Can Your Best Friend’s Mom Double Your Odds of Completing College?

It’s common knowledge among parents that your children’s friends have a big influence on their attitudes and ambitions. A recent study, published in the February 2013 American Educational Research Journal, suggests that perhaps parents should be even more concerned with their children’s friends’ parents. Hua-Yu Cherng and his colleagues Jessica Calarco and Grace Kao have found that the educational attainment level of the mother of a child’s best friend has a surprisingly powerful effect on the likelihood that the student will complete college. Using the National Longitudinal Study of Adolescent Health, Cherng, Calarco and Kao set out to trace the impact that having “resource-rich” best friends has on college completion.

Cherng and his colleagues endeavored to isolate from the survey data the effects of both the material and cultural resources of best friends on college completion1.  They found that a best friends’ cultural resources (as measured by having a mother with a 4-year college degree) and economic resources (as measured by household income both have a significant positive effect on college completion, but the effect of friends’ cultural resources is much stronger. In fact, according to Cherng, “having a best friend with a college-educated mother more than doubles an adolescent’s odds of completing college.” 2

Aside from making you want to obtain the CVs of all your children’s friends’ mothers, what are we to make of this? We’ve come to expect that the children of college-educated parents will have much higher college completion rates than students whose parents didn’t complete college. But, it comes as a surprise that friends’ parents can have such a strong effect. What the study startlingly reveals is the powerful, but still largely unacknowledged, role of cultural capital in determining educational outcomes. 

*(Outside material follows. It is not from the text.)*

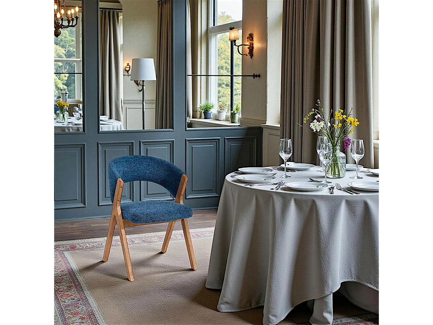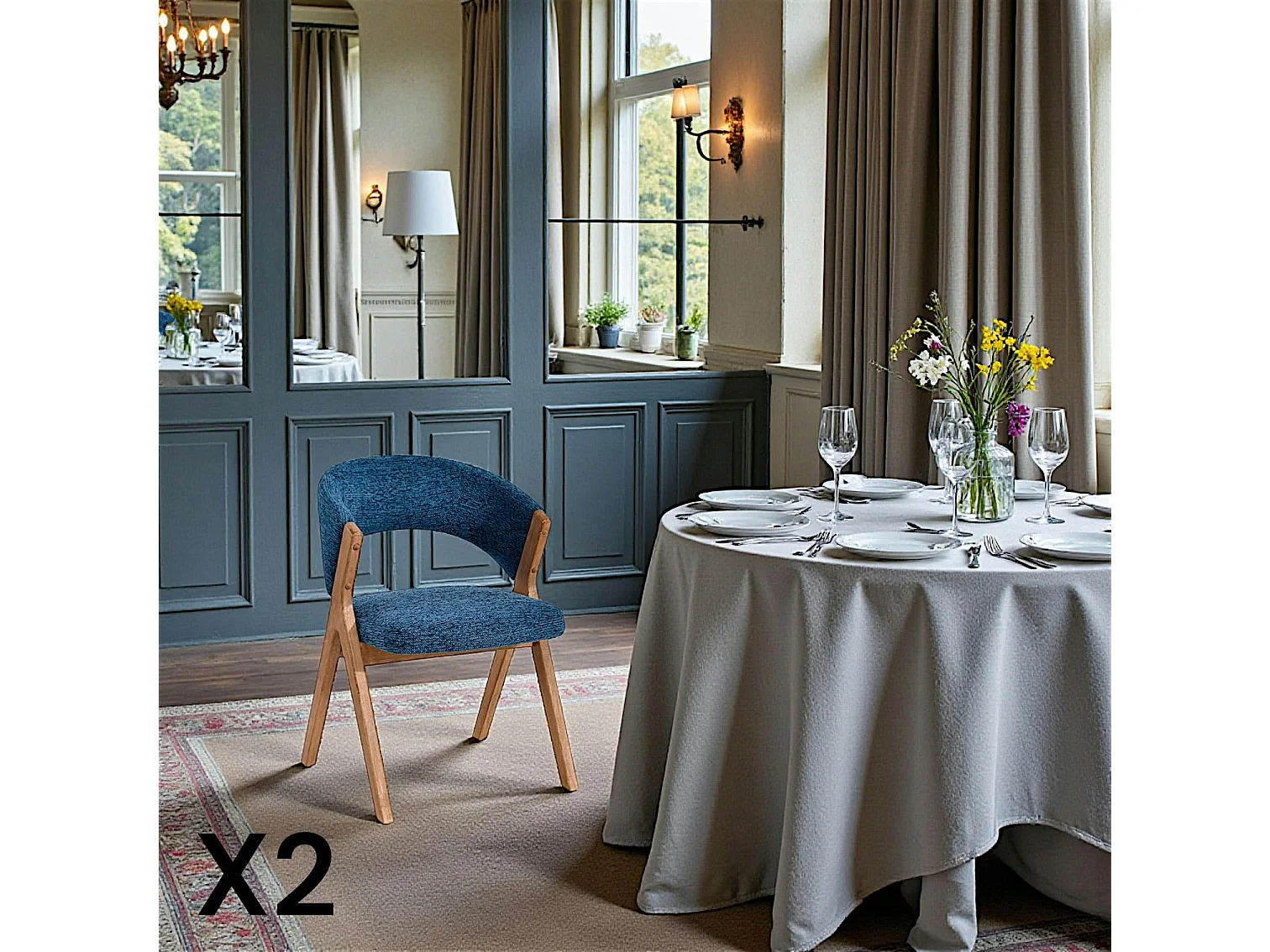 Chaise bleue bois et tissu, forme ronde (lot de 2) AGADE

Cultural capital is a concept developed by the French sociologist Pierre Bourdieu, which is widely employed in academia and used very little in the worlds of policy or philanthropy. As Annette Lareau and Elliot Weininger point out in their excellent article on the subject, the term doesn’t describe knowledge of highbrow art and “culture” nor is it easily isolated from “skills and abilities.”  It isn’t limited to “college knowledge” or a detailed understanding of how the financial aid system works, although those can be components of it. Rather, cultural capital refers to the ability, knowledge and confidence required to navigate and, crucially, influence in your favor powerful institutions like schools and universities.

A best friend’s mother’s having a four-year college degree isn’t a perfect proxy for having cultural capital, but it’s a pretty good one, since it indicates that the graduate knew enough about how to navigate various levels of educational institutions in order to obtain her degree.  In practical terms, cultural capital is the instinct to make (appropriate) demands on institutions rather than to comply, and is the knowledge of how to “work the system” effectively to achieve one’s ends.  It implies that the awareness of and access to resources and strategies that can help students recover from setbacks on the path to college acceptance and degree completion is critically important to success. For example, a parent with middle-class cultural capital  would find or hire a tutor rather than just accept a child’s low SAT score, or would contest a placement into non-college track classes rather than acquiesce quietly. In both cases, parents with middle-class cultural capital3 would see the negative outcome as something that can be influenced in a more positive direction, whereas the parents with less of that sort of capital would see it as something that can’t be changed.

The critical idea here – and what this study shows – is that this type of cultural capital is both critically important for success, and has nothing to do with talent or intelligence; these are simply learned behaviors. One needs to be exposed to them to learn them. These lessons don’t have to be learned in one’s own home, but they do need to be learned somewhere. Maybe even from your best friend’s mom. In my next blog, I’ll explore what happens when these lessons aren’t learned.

1The study controlled for variables that we know influence friend selection and educational attainment, including race, gender and age as well as GPAs and measures of college plans and expectations. Their model also controlled for school-level factors, since friends generally attend the same school.

2The increase in likelihood of completing college from having a friend’s mother who is college educated is lower, but still quite significant, even when looking at students whose own mothers completed college.

3Cultural capital of various kinds exists at all levels of society, but some forms are privileged and dominant. Unsurprisingly, those are the kinds that help one gain access to and complete postsecondary education.